Returns:: A tensor of shape (n_ctx, n_ctx), where the upper triangle is zero and the lower triangle is decreasing by a constant slope of 1 (towards the bottom left corner).

forward(query_input: Union[Float[Tensor, 'batch pos d_model'], Float[Tensor, 'batch pos head_index d_model']], key_input: Union[Float[Tensor, 'batch kv_pos d_model'], Float[Tensor, 'batch kv_pos head_index d_model'], Float[Tensor, 'batch kv_pos kv_head_index d_model']], value_input: Union[Float[Tensor, 'batch kv_pos d_model'], Float[Tensor, 'batch kv_pos head_index d_model'], Float[Tensor, 'batch kv_pos kv_head_index d_model']], past_kv_cache_entry: Optional[HookedTransformerKeyValueCacheEntry] = None, additive_attention_mask: Optional[Float[Tensor, 'batch 1 1 kv_pos']] = None, attention_mask: Optional[Int[Tensor, 'batch offset_pos']] = None, position_bias: Optional[Float[Tensor, '1 head_index pos kv_pos']] = None) → Float[Tensor, 'batch pos d_model']#: shortformer_pos_embed is only used if self.cfg.positional_embedding_type == “shortformer”, else defaults to None and is irrelevant. See HookedTransformerConfig for more details past_kv_cache_entry is an optional entry of past keys and values for this layer, only relevant if generating text. Defaults to None additive_attention_mask is an optional mask to add to the attention weights. Defaults to None. attention_mask is the attention mask for padded tokens. Defaults to None.

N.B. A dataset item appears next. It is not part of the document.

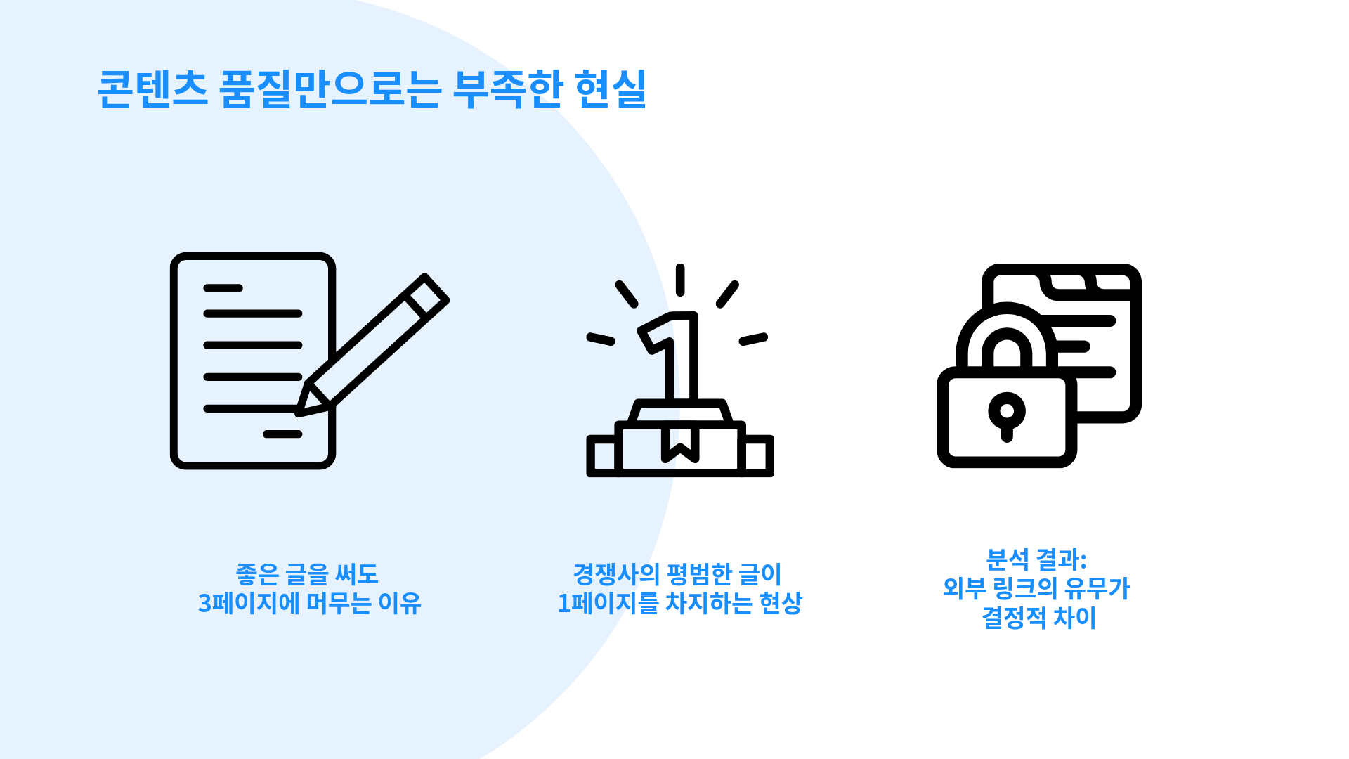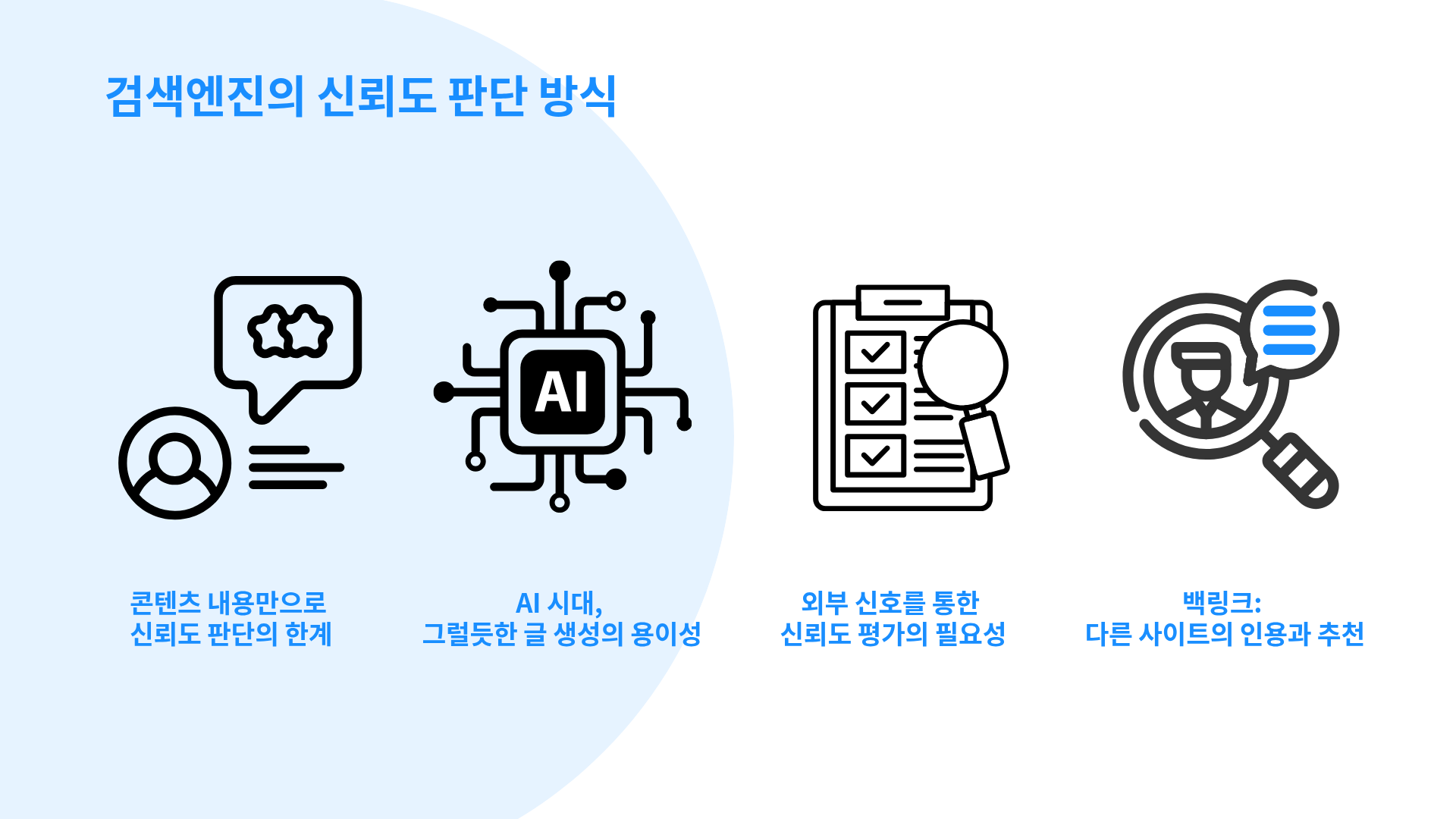 검색 순위, 특히 경쟁이 있는 키워드에서 상위에 올라가려면 콘텐츠 품질과 함께 외부 신뢰 신호가 필요합니다.

rotate_every_two(x: Float[Tensor, '... rotary_dim']) → Float[Tensor, '... rotary_dim']#

Rotary helper function, splits x into blocks of size 2 along the final axis and maps [x0, x1] to [-x1, x0]

The final axis of x must have even length.

GPT-NeoX and GPT-J do rotary subtly differently, see calculate_sin_cos_rotary for details.